Now that I graduated and no longer compete, I keep it simple. I usually run
about six miles with a stop in the middle to do body weight workouts at a
calisthenics park (pull-ups, dips, push-ups, l sits, etc). When I get back, I
drink a chocolate milk immediately to hold me over while I shower and prepare
a more substantial meal. Chocolate milk is a great source of protein. For the
meal, I usually have some combination of chicken, pasta, salad and vegetables.
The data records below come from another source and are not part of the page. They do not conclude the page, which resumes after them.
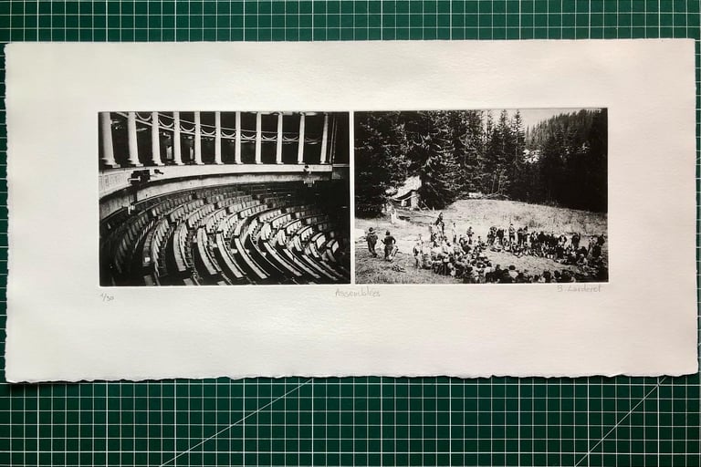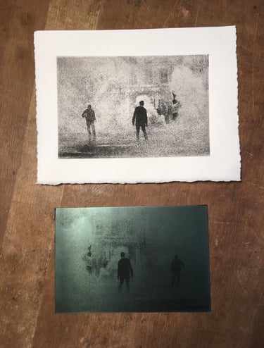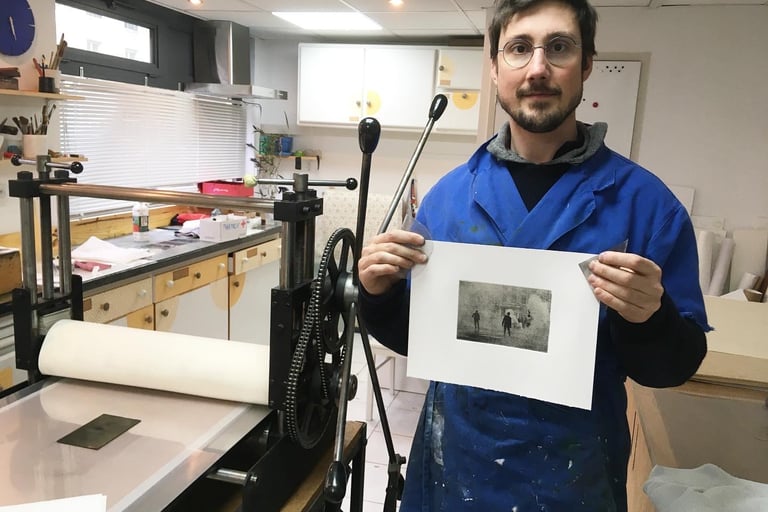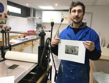 La graveuse malouine Kim Coz m'a fait découvrir les techniques de la taille-douce et de l'eau forte. En découvrant ce medium, j'ai alors pris conscience des liens profonds entre la gravure et la photographie. Au début du XIXe siècle, c'est la gravure qui permet la reproductibilité des oeuvres visuelles. Pour les inventeurs de la photographie, ce medium est le point de départ naturel pour leurs recherches.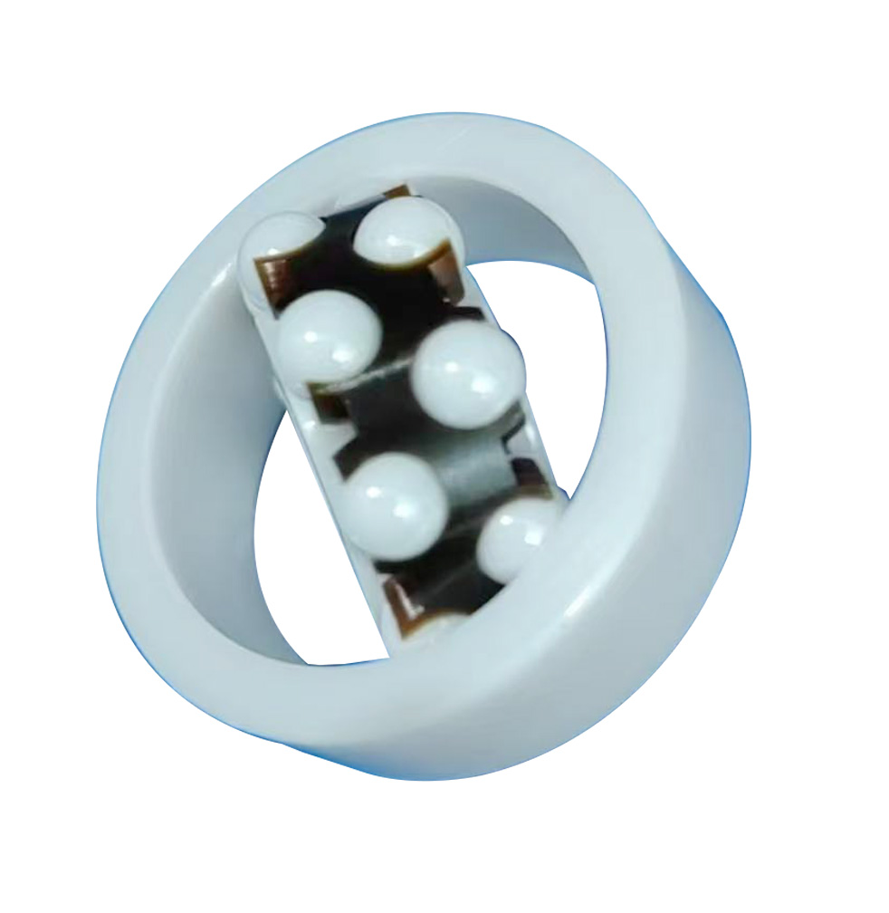 全陶瓷轴承具抗磁抗电绝缘、耐磨耐腐蚀、无油自润滑、耐高温耐高寒等特点,可用于极度恶劣环境及特殊工况。套圈及滚动体采用氧化锆(Zr02)材料,保持器使用聚四氟乙烯(PTFE)作为标准配置,一般也可使用玻璃纤维增强的尼龙66(GRPA66-25),特种工程塑料(PEEK,PI),不锈钢(AISI SUS316、SUS304),黄铜(Cu)等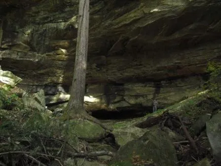 Although the volume of water in this creek is large and we are aware of fish being caught, in some places the creek partially dissapears underground and reappears from out of a rock due to underground caves. Much of the property is in a gorge between cliffs that feature rock houses and small caves. Two waterfalls also fall into the property.

Other than that, the only hard rule I follow is to eat breakfast every day,
usually scrambled eggs with cheese. And some fruit throughout the rest of the
day.

On days when I don't exercise, I usually eat similar foods but in smaller
quantities. I basically just listen to my body and if I'm hungry, I eat more.
If I'm not, I eat less.

------
serg_chernata
I am also very curious and will hope for a response from someone far more
knowledgeable.

However, from my own research and experience I actually think there is no real
answer someone else can give you. All of our bodies are different. Beyond
that, the dietary advice we all choose to follow is even more different. I
have a friend who basically fasts yet works out twice a day. I myself do
something reminiscent of intermittent fasting with a touch of keto macros and
do fairly well. Others follow a more "typical" diet and do just fine in their
own ways.

My point is, get some basics and then just see what works for you.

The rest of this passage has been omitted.